# Let's install the package "Distributions", which -- along with "LinearAlgebra" -- is needed in this section:
Pkg.add("Distributions")

   Resolving package versions...
  No Changes to `/opt/conda/julia/environments/v1.10/Project.toml`
  No Changes to `/opt/conda/julia/environments/v1.10/Manifest.toml`

# Create a vector:
va = [1, 2, 3] 
# or:
va = [1; 2; 3]

# Vector of zeros or ones or any other number:
n=4
zeros(n)
ones(n)
repeat([2],n) # or:
fill(2,n)

# Note that some are vectors of integers, some are vectors of floats.

4-element Vector{Int64}:
 2
 2
 2
 2

# Vector of NaNs:
NaN*ones(n) # or:
repeat([NaN],n) #or:
fill(NaN,n)

4-element Vector{Float64}:
 NaN
 NaN
 NaN
 NaN

# Vector of trues or falses:
trues(n)
falses(n)

4-element BitVector:
 0
 0
 0
 0

# Vector of strings:

vs = ["a","b","c"]
# or:
collect('a':'e')
# from existing string:
repeat(["rum"],3)

3-element Vector{String}:
 "rum"
 "rum"
 "rum"

# Vectors containing sequences:

# A sequence can be specified with colons or by the function "range":
1:0.5:4 # or, equivalently:
range(1,4,step=0.5)
# specify length rather than step of sequence:
range(1,5, length=20)

# Note that these sequences do not (yet) constitute vectors.
# To turn them into actual vectors:
collect(1:0.5:4)
collect(range(1,5,length=20))

# Can also have decreasing sequences, of course:
collect(100:-10:50)
collect(range(100,20,length=3))

3-element Vector{Float64}:
 100.0
  60.0
  20.0

# We can also create a vector by comprehension (see section on for-loops):

va = [exp(ii) for ii in 1:5]

5-element Vector{Float64}:
   2.718281828459045
   7.38905609893065
  20.085536923187668
  54.598150033144236
 148.4131591025766

# Basic characterization of vector:

va = [1, 2, 3] 
length(va) # number of elements

# Note that a vector is a one-dimensional object:
ndims(va)
size(va) # size of va along each dimension
# (This contrasts with matrices, which we will discuss later.)

(3,)

# Nevertheless, all of the vectors above do have an orientation; they are column vectors.
# To transpose them into row vectors:
va' 
# Note that this turns the 1-dimensional object (3-element-vector) va 
# into a two-dimensional object (an 1x3 vector/matrix).
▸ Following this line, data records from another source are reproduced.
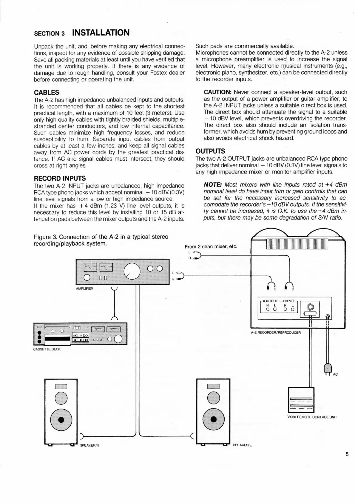Fostex A-2 - Installation; Record Inputs
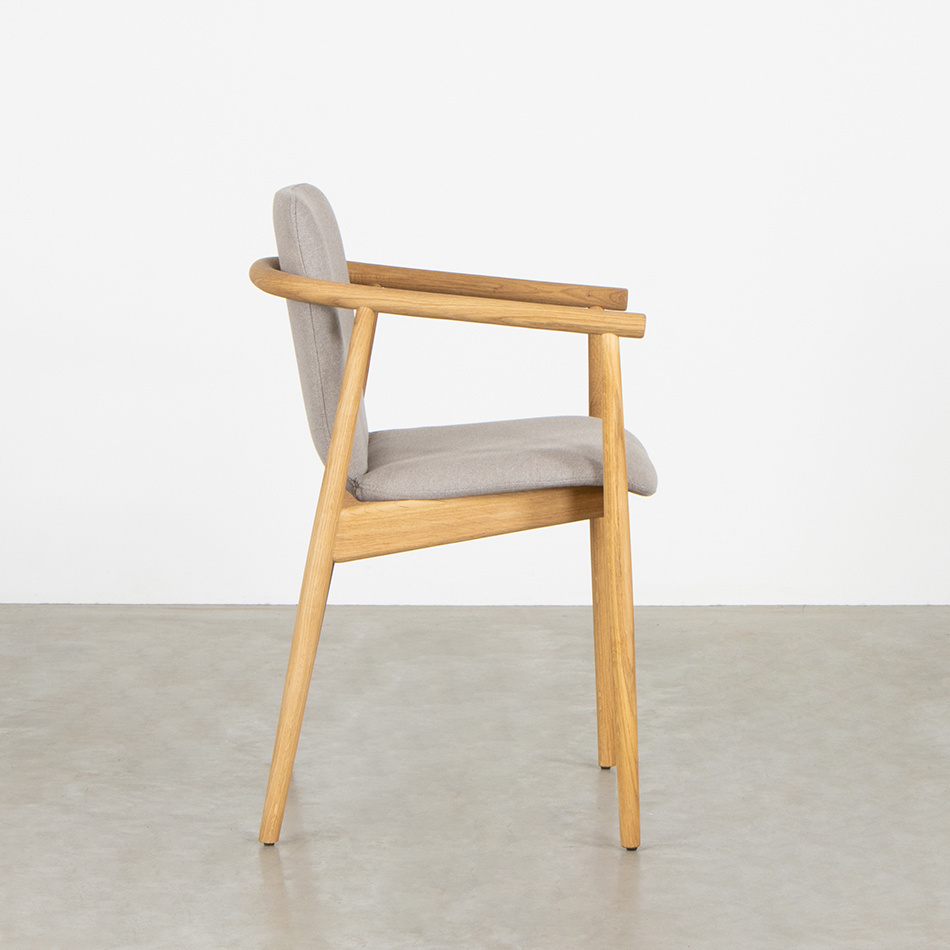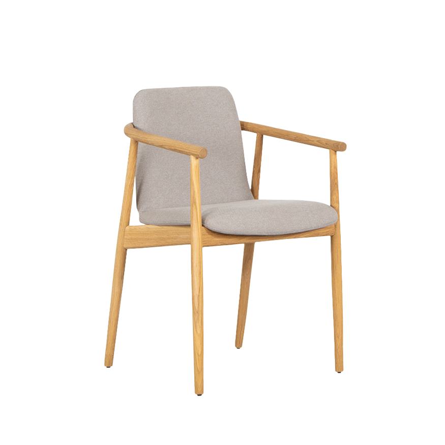 The wooden seat and back from one flowing wooden whole, which is supported by the frame. The frame is a special combination of curved and straight lines. A combination that looks strong and elegant and a joy to sit on. The Mirja is made of solid oak wood. The wood is finished with oil. The chair is available with a wooden or upholstered seat.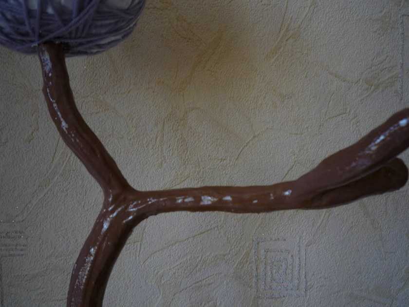 Подготовленный ствол крепим пластилином ко дну чашки, заранее спланировав, где будет крона. Обратный конец заостряем, чтобы упростить последующую фиксацию шара.
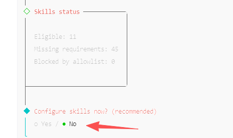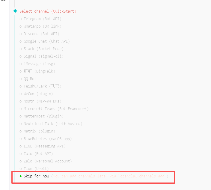 因为OpenClaw支持的聊天软件太多了,今天先跳过,所以直接选最后一个skip:
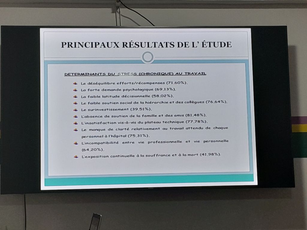 À travers une autre étude qui date de 2021 menée par le médecin bucco-dentiste, passionnée de la promotion de la santé en général et de la santé mentale en particulier, Dorothée Maa,il ressort que 62, 96% des médecins interrogés ont une exposition au stress émanant du job strain et iso strain et 71,60 % sont exposés à un stress associé au Déséquilibres Efforts-Récompenses.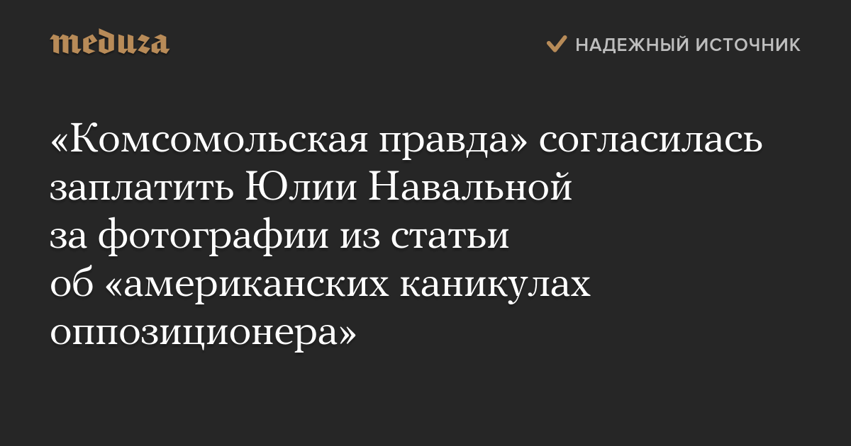 «Комсомольская правда» согласилась заплатить Юлии Навальной за фотографии из статьи об «американских каникулах оппозиционера»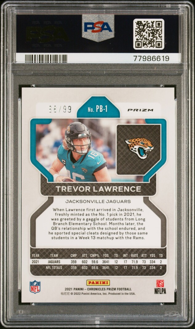 You are purchasing a 2021 Panini Chronicles Prizm Black Trevor Lawrence #PB-1 Red PSA 10. You will receive the exact item in the photographs. Thank you for looking.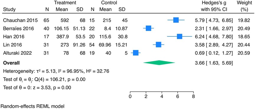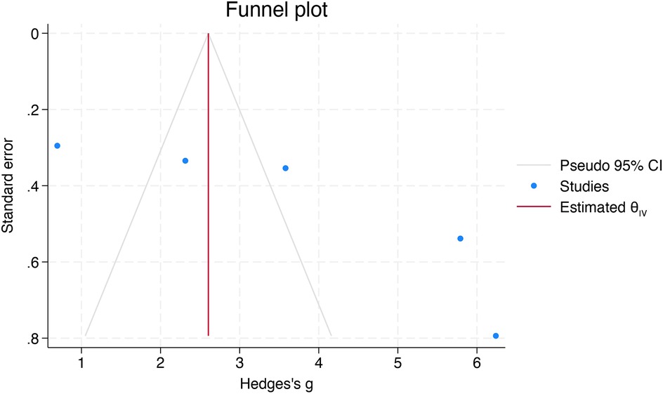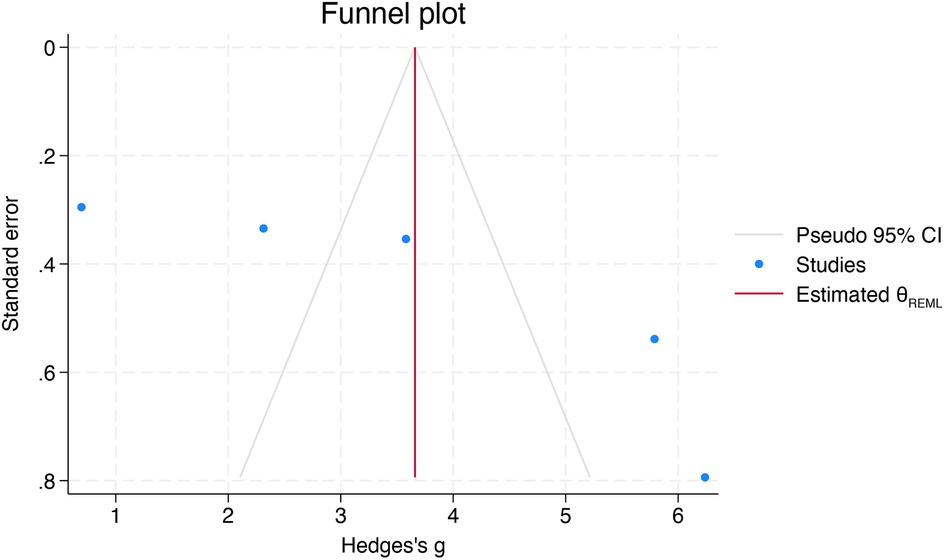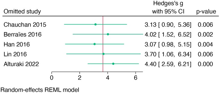 The total heterogeneity was very high (I2 = 98.26%). However, the sensitivity analysis (leave-one-out) showed that no individual study influenced the pooled effect estimate, confirming the robustness of the findings (Figure 3). Meta-regression was not conducted due to the limited number (n = 5) of studies in the meta-analysis.

# To transpose matrix of strings:
permutedims(vs)

1×3 Matrix{String}:
 "a"  "b"  "c"

# We can add, subract or multiply vectors
# using the same signs as used for operations with scalars: +, -, *:

va = [1, 2, 4] 
vb = [2, 3, 3]

va + vb
va - vb
va' * vb 

# We can also multiply or divide a vector by a scalar using the same signs: *, /:

va * 2
va / 2

3-element Vector{Float64}:
 0.5
 1.0
 2.0

# To add/subract a scalar to/from a vector, 
# we must use the signs for element-wise addition/subtraction: .+, ._:

va .+ 2
va .- 2

# Similarly, we can perform element-wise multiplication and division using .* and ./:

va .* vb
va ./ vb

# or take element-wise powers using .^:

va .^ 2

3-element Vector{Int64}:
  1
  4
 16

# There are also element-wise logical operators:

va = [1,2,7,4]

va .== 4
va .!==4
va .> 4
va .>= 4
va .< 4
va .<= 4

4-element BitVector:
 1
 1
 0
 1

# These can again be negated or combined:

.!(va .< 4)

(va .< 4) .&& (va .> 1) 
(va .< 4) .|| (va .== 7)

4-element BitVector:
 1
 1
 1
 0

# Many functions are defined for vectors, i.e. a collection of scalars:

va = [1, 2, 4] 
vb = [2, 3, 3]

sum(va)
cumsum(va)

maximum(va) 
minimum(va)

reverse(va) # reverses the order of elements in va
replace(va,2 => 3) # vector va with 2 replaced by 3

# Return unique elements in vx:
vx = [4.02, 4.00, 5.80, 4.00, 6.15]
unique(vx)

4-element Vector{Float64}:
 4.02
 4.0
 5.8
 6.15

using LinearAlgebra
norm(va) # Euclidean norm of vector va
norm(va-vb) # Euclidean norm of distance between va and vb

1.7320508075688772

using Distributions
mean(va)
var(va)
std(va)
median(va)
cor(va,vb)

0.7559289460184546

# We encountered many functions with scalar-arguments.
# To apply them to each element of a vector, append them with a dot:

sqrt.(va)
log.(va)
floor.([3.4, 4.8, 5.3])

# This also works for own functions:
f1(x) = 2 * x
f1.(va)

# Analogously, one can apply functions that take on several scalar-arguments
# to several vectors:
lcm.(va,vb)

3-element Vector{Int64}:
  2
  6
 12

# Using "map" is another way to apply a function to each element of a vector:
map(log,va)

# With "reduce", we can sum up elements of a vector:
reduce(+,va) 

# "mapreduce" combines both functions:
mapreduce(log,+,va)

# For more involved functions, these are much faster than typing
# sum(va), log.(va) or sum(log.(va)).
# Also, they can be parallelized easily (see separate section below).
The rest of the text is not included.